Framing BLI as a classification task Bilingual lexicon induction may be framed as a discriminative classification problem, as recently proposed by Irvine and Callison-Burch [44]. In their work, a linear classifier is trained which blends translation signals as similarity scores from heterogeneous sources. For instance, they combine translation indicators such as normalized edit distance, word burstiness, geospatial information, and temporal word variation. The classifier is trained using a set of known translation pairs (i.e., training pairs). This combination of translation signals in the supervised setting achieves better BLI results than a model which combines signals by aggregating mean reciprocal ranks for each translation signal in an unsupervised setting. Their model also outperforms a well-known BLI model based on matching canonical correlation analysis from Haghighi et al. [45]. One important drawback of Irvine and Callison-Burch’s approach concerns the actual fusion of heterogeneous translation signals: they are transformed to a similarity score and weighted independently. Our classification approach, on the other hand, detects word translation pairs by learning to combine word-level and character-level signals in the joint training phase.

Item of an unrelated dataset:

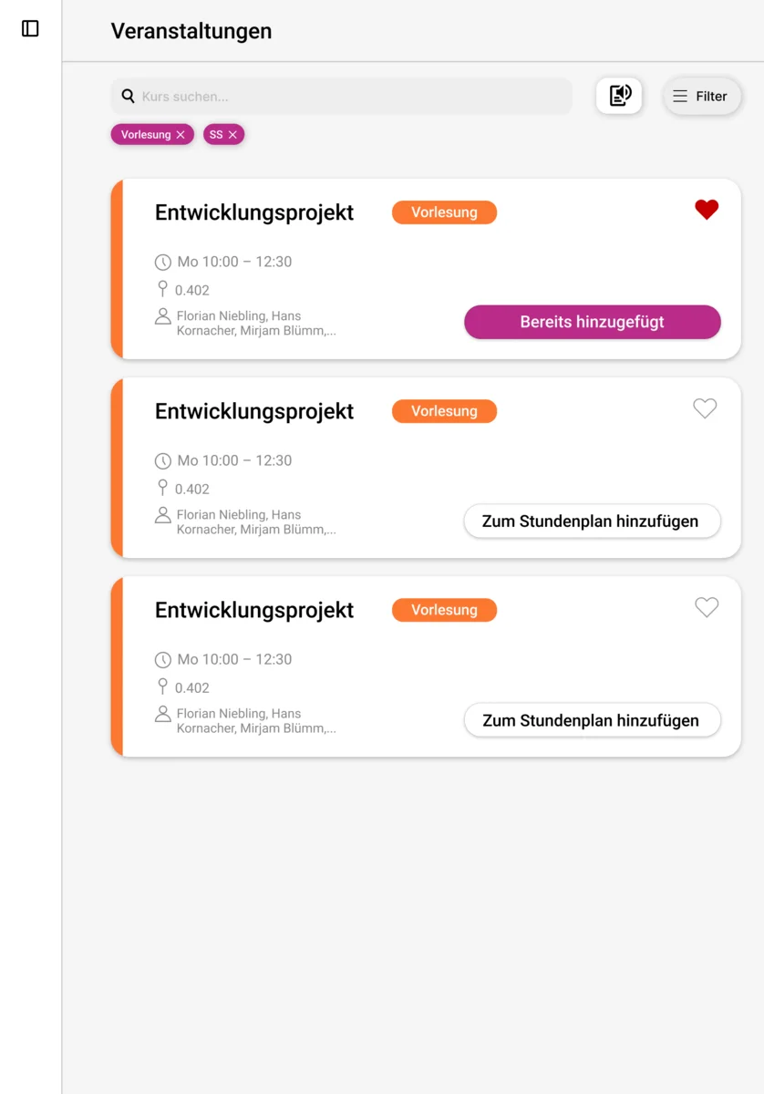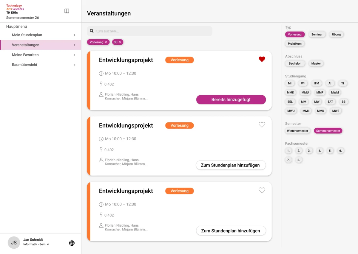 Ziel des Projekts war es, die Orientierung innerhalb der Veranstaltungsübersicht zu verbessern und eine intuitive Nutzung zu ermöglichen.
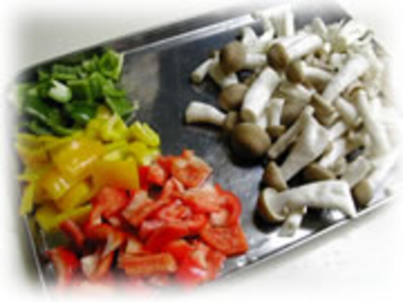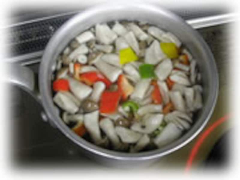 | 1・ピーマン、しめじは食べやすい大きさに切っておきます。 | 2・鍋に水を入れ、沸騰したら野菜をサッと茹でザルに取り出します。 | |||||||||||||||||||||

Contributions The main contribution of this work is a novel bilingual lexicon induction framework. It combines character-level and word-level representations, where both are automatically extracted from the data, within a discriminative classification frameworkFootnote 3. Similarly to a variety of bilingual embedding models [52], our model requires translation pairs as a bilingual signal for training. However, we show that word-level and character-level translation evidence can be effectively combined within a classification framework based on deep neural nets. Our state-of-the-art methodology yields strong BLI results in the biomedical domain. We show that incomplete translation lists (e.g., from general translation resources) may be used to mine additional domain-specific translation pairs in specialized areas such as biomedicine, where seed general translation resources are unable to cover all expert terminology. In sum, the list of contributions is as follows.

First, we show that bilingual character-level representations may be induced using an RNN model. These representations serve as better character-level translation signals than previously used string distance metrics. Second, we demonstrate the usefulness of framing term translation mining and bilingual lexicon induction as a discriminative classification task. Using word embeddings as classification features leads to improved BLI performance when compared to standard BLI approaches based on word embeddings, which depend on direct similarity scores in a cross-lingual embedding space. Third, we blend character-level and word-level translation signals within our novel deep neural network architecture. The combination of translation clues improves translation mining of biomedical terms and yields better performance than “single-component” BLI classification models based on only one set of features (i.e., character-level or word-level). Finally, we show that the proposed framework is well suited for finding multi-word translations pairs which are also frequently encountered in biomedical texts across different languages.

Methods

As mentioned, we frame BLI as a classification problem as it supports an elegant combination of word-level and character-level representations. In this section, we have taken over parts of the previously published work [51] that this paper expands.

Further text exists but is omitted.